What the HELL is going on in this country? As Baltimore Slutwalk comments on the travesty, "Rape someone? Be a star athlete. Refuse to cheer for your rapist? Get kicked off the team you worked so hard for. Priorities:  America has them."
Is this country really so morally barren that they demand a rape victim to publicly revere the man who violated her?

Prevailing Thought: Why the fuck was Mr. Bolton not banned from participating in athletics after committing a rape that the community was obviously well aware of? Where were the mothers of fellow athletes (and fellow cheerleaders, for the love of God!) not calling the school and raising holy hell about the fact that their children were interacting with this boy? If the courts had done their job, the dirtbag wouldn't be one-upping his victim in front of the entire student body - he'd been rotting behind bars.

Monday, May 2, 2011

Eye Opener - Sexual Assault Hits Home

Today marks the beginning of a sad week in McDaniel College's neck of the woods. Yesterday morning I woke from a good night's sleep to find the following email waiting for me:
"SECURITY ALERT"


"On Sunday, May 1st, 2011 at approximately 1:30 a.m. a female McDaniel College student was walking home from an off-campus event that had taken place in the 230 block of Pennsylvania Ave.  The student was approached by a white male, approximately 35 years of age.  He is described as: thin to medium build, approximately 5’8”, with a scruffy beard and short brown hair, wearing jeans and a plain black hooded sweatshirt.  After a brief verbal exchange, the student was physically forced into the yard of 218 Pennsylvania Ave. and was sexually assaulted.  The student fought off the suspect and returned to campus.  The student contacted the Department of Campus Safety, who immediately responded to support the student and assist local law enforcement agencies in their investigation and search for the perpetrator."
Reading this to a few family members, I was shocked to hear their responses, particularly when relating the information to two male family members.
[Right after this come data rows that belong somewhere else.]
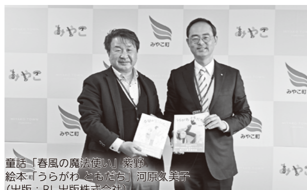
童話「春風の魔法使い」紫野 絵本「うらがわ ともだち」河原久美子 (出版：BL 出版株式会社)

今回は、サポーターが「認知症サポーター養成講座」を受講しました。本人ができることを奪わずに生活を工夫し見守ること、それが、自分が認知症になっても暮らしやすい町づくりにつながることを学びました。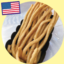
ロングフライドポテト (飯村商店)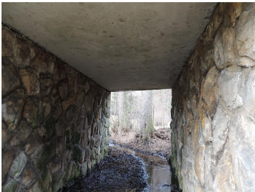
pohled na podhled nosné konstrukce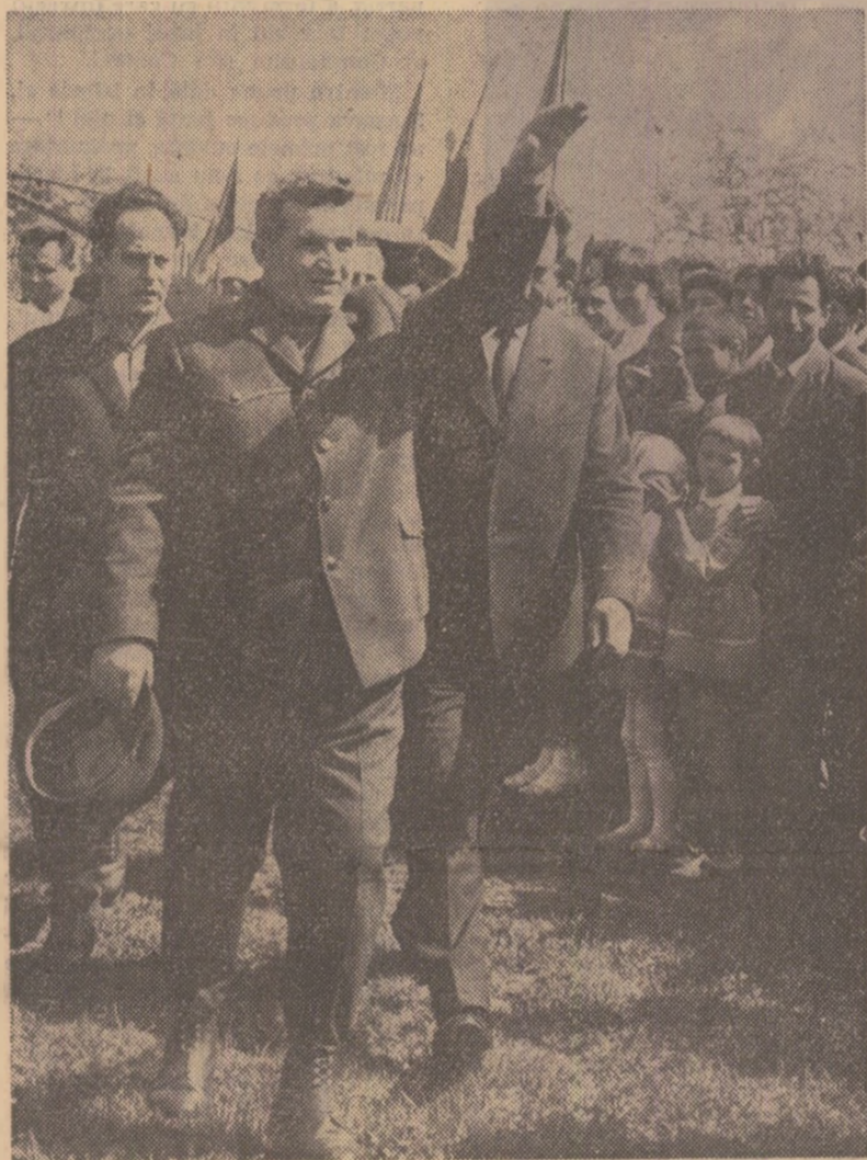
În toate orașele și satele, primire sărbătorească a oaspeților dragi

lui încercat al poporului, Partidul Comunist Român. Stadionul „23 August” de pe dealul Copoului concentrează, în această însoțită dimineață de mai, într-un unic chip, acela al însuflețirii, toate vîrstele, toate profesiile, toate categoriile sociale ale Iașului contemporan. Tovarășul Nicolae Ceaușescu, împreună cu tovarășii Emil Bodnaras, Virgil Trofin, Emil Drăgănescu, Dumitru Popescu, Vasile Patilinej, salută mulțimea care ovaționează. Comandantul gărzii de onoare prezintă raportul. Răsună acordurile solemne ale Imnului de Stat. După ce se înclină în fața tricolorului, președintele Consiliului de Stat, comandantul suprem al forțelor noastre armate, tovarășul Nicolae Ceaușescu, trece în revistă garda de onoare formată din militari, membri ai gărzilor patriotice și ai detașamentelor de pregătire a tineretului pentru apărarea patriei. Adresîndu-se celor de față, tovarășul Nicolae Ceaușescu aduce mulțumiri pentru manifestarea călduroasă făcută pentru conducerea partidului, pentru partid și urează cetățenilor municipiului și județului Iași noi succese în activitatea lor.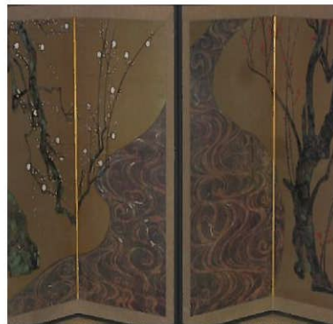
尾形光琳作「紅白梅図屏風」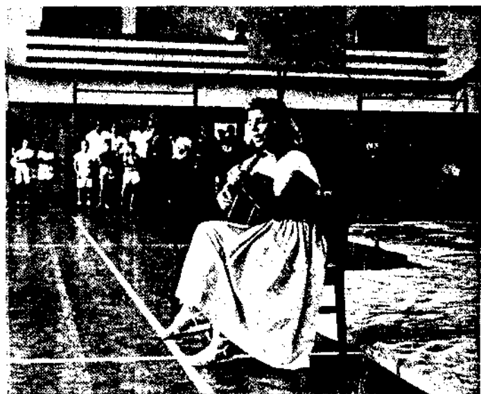
Um número de violão executado por uma aluna da Colônia, na Festa de Encerramento.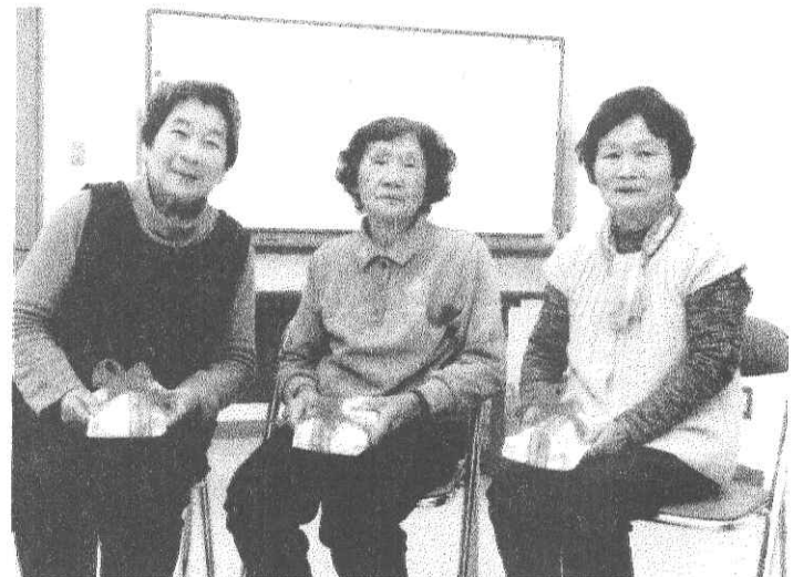
3月の誕生日の方 いつまでもお元気で

4月10日(火)の富士登山に参加される方にお知らせです。70才以上の方は入場料を頂けません。但し、70才であることを証明するものが必要です。保険証のコピーか免許証のコピーをお持ちください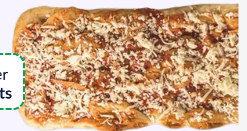
MARGHERITA / 700g CARTON DE 12 PIÈCES REF 1660MAR2058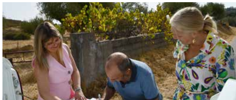
Posse de parcela de terrenos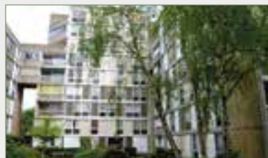
STAINS. Proche Flanade. Ds résid. rech. et sécu., 4 p. de confort (tt inclus ds char.), ent., cuis. spac., séj., s. à man.(ou 3 e ch.)/ sur loggia, dégagement, 2 chambres, salle de bains et wc sép.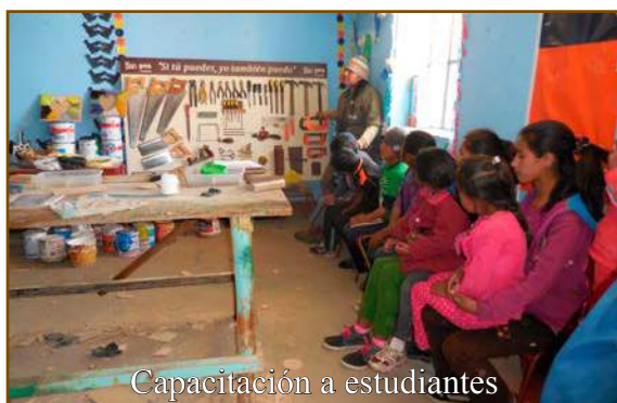
Capacitación a estudiantes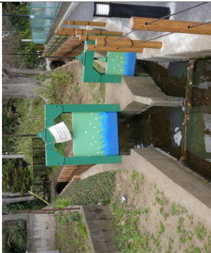
⑥ 回田町分岐水門 (左・大沼田 右・鈴木用水) 小平団地東交差点 巻上機は1973年施工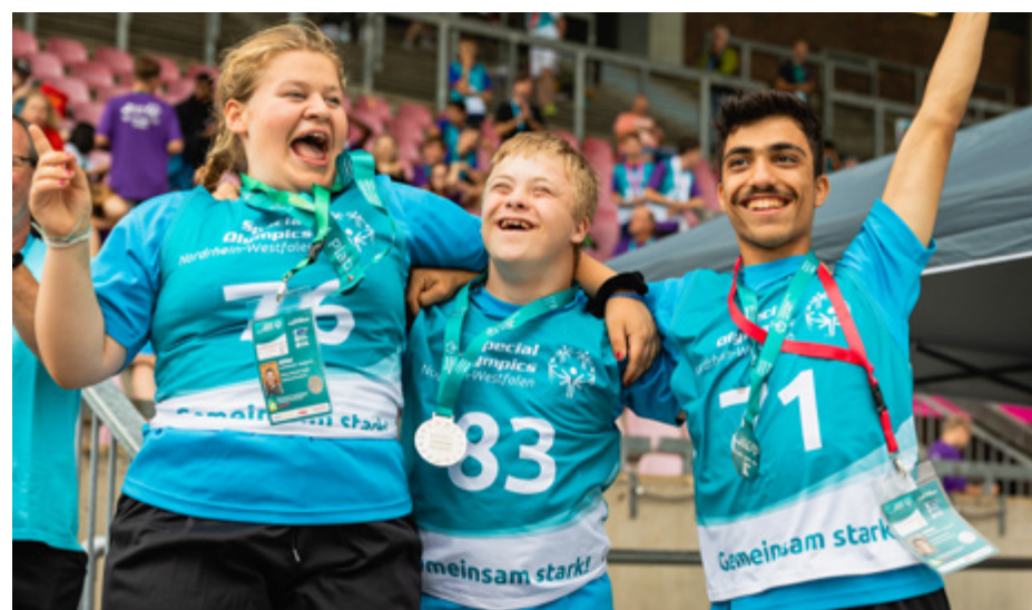
Gewinnen macht Spaß, bei den Special Olympics NRW steht aber das gemeinsame Sporttreiben und die Sichtbarkeit im Vordergrund.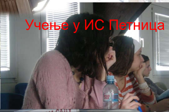
Учење у ИС Петница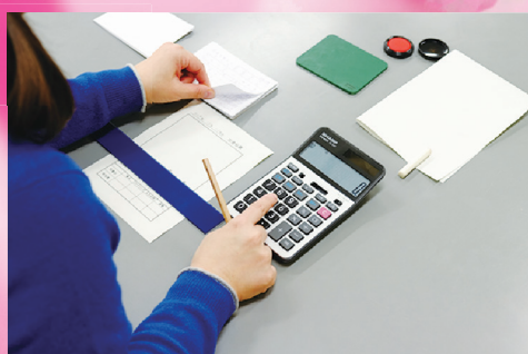
職域開拓コース 10名 (1年)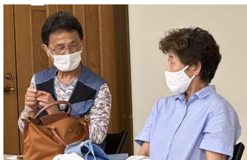
7月度例会 第一部作品相互アドバイス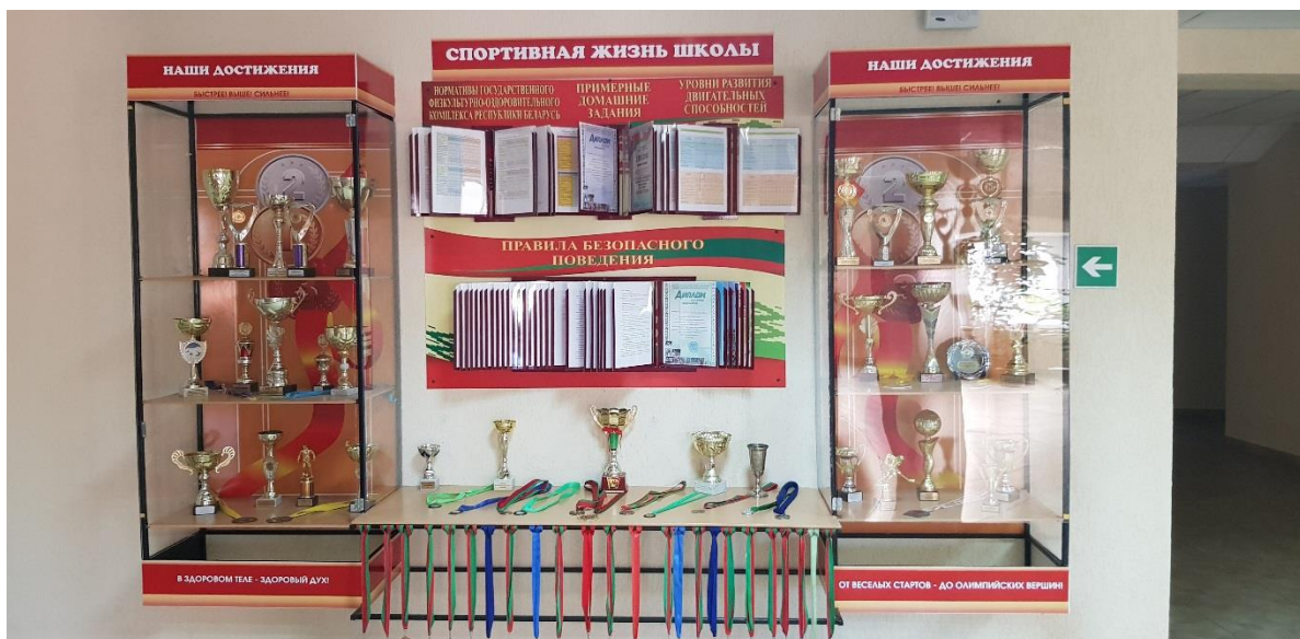
Информационное пространство. Стенд «Спортивная жизнь школы»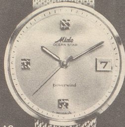
44007 AG Stahl mit Stahlband Fr. 335.-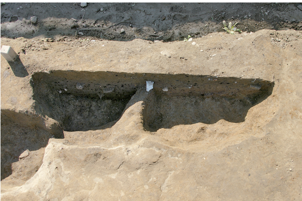
7 第 272 号土壤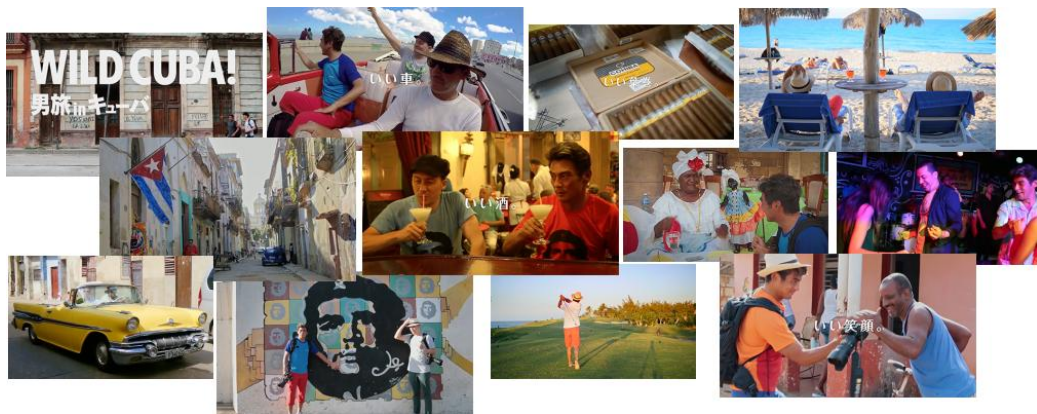
キューバパンフレット・動画（イメージ）

WILD CUBA! : http://www.his-j.com/tyo/special/cuba/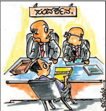
ಇವನೇನಿ... ನಮಗೇ ಇಂಟರ್ಯೂ ಮಾಡ್ತಾ ಇದಾನೆ! ಕಂಪನಿಯ ವಾರ್ಷಿಕ ಲಾಭ ಎಷ್ಟು? ಶೇರ್ ವ್ಯಾಲೂ ಎಷ್ಟು ಅಂತಿದ್ದಾನೆ!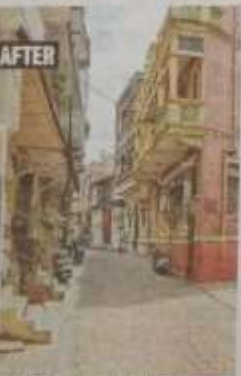
The MHT repaired building facades and heritage structures and modernised primary amenities for the residents here

Ahmedabad Mirror Bureau feedback@ahmedabadmirror.com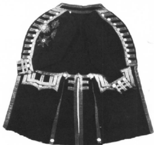
App. 21: FULL DRESS COAT OF VICE-ADMIRAL NELSON (Wilkinson-Latham and Embleton, 1977, p. 25)

Naval cadets wore purplish grey broadcloth a pants and jacket with closed-neckband (see app. 15). The jacket had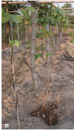
Gambar 2.1. Tanaman Kwao Krua ( Pueraria mirifica ) (Malaivijitnond, 2012).

Tanaman kwao krua memiliki bentuk akar berbonggol seperti umbi. Akarnya berbentuk bulat memiliki berbagai macam ukuran, memiliki berat 60-100 kg. Bunganya berwarna ungu kebiruan dengan panjang maksimal 30 cm, menghasilkan biji polong yang memiliki lebar 7 mm, panjang 3 cm, berwarna coklat, dan berisi hingga 3-5 biji (Malaivijitnond, 2012).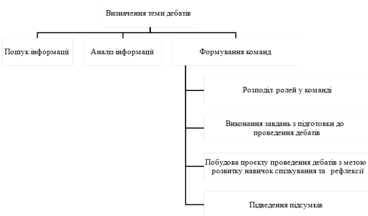
Рис. 1.4 – Алгоритм проведення дебатів «Дебатного клубу».

Також доцільно буде зобразити схематично алгоритм проведення дебатів в 11 класі на уроці англійської мови (рис. 1.4).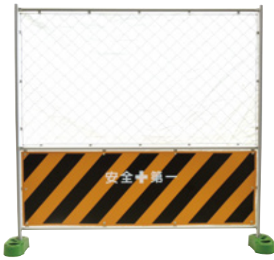
NEO NEO シルバーガードフェンス トラ

The first, after being read the email, responded simply with, "Yes, that is, if she's even telling the truth." The second responded, "It's not big deal. There are [sexual predators] everywhere. They're in this neighborhood, they're in other neighborhoods, they're where we work, they're everywhere we go. Nothing you can do about it. Nothing to worry about." My mother, the only female in the residence at the time, was also the only person to become legitimately concerned for my wellbeing on the campus and the other girls on campus, as well as overtly sympathetic toward the actual female that was attacked.
Yes, sexual assault is not exactly rare. But the rate at which it occurs does not make it okay. Are we really so desensitized to this sort of thing that we allow it to become commonplace? After bringing this up with a friend, she said something that just might hold some truth: perhaps this has become commonplace because the message is always "Don't let yourself get raped" rather than "Do not rape."

Will you allow the women of your communities to become the "usual victims"? Or is sexual assault, particularly when it occurs in close-knit communities, something more to you than just another statistic?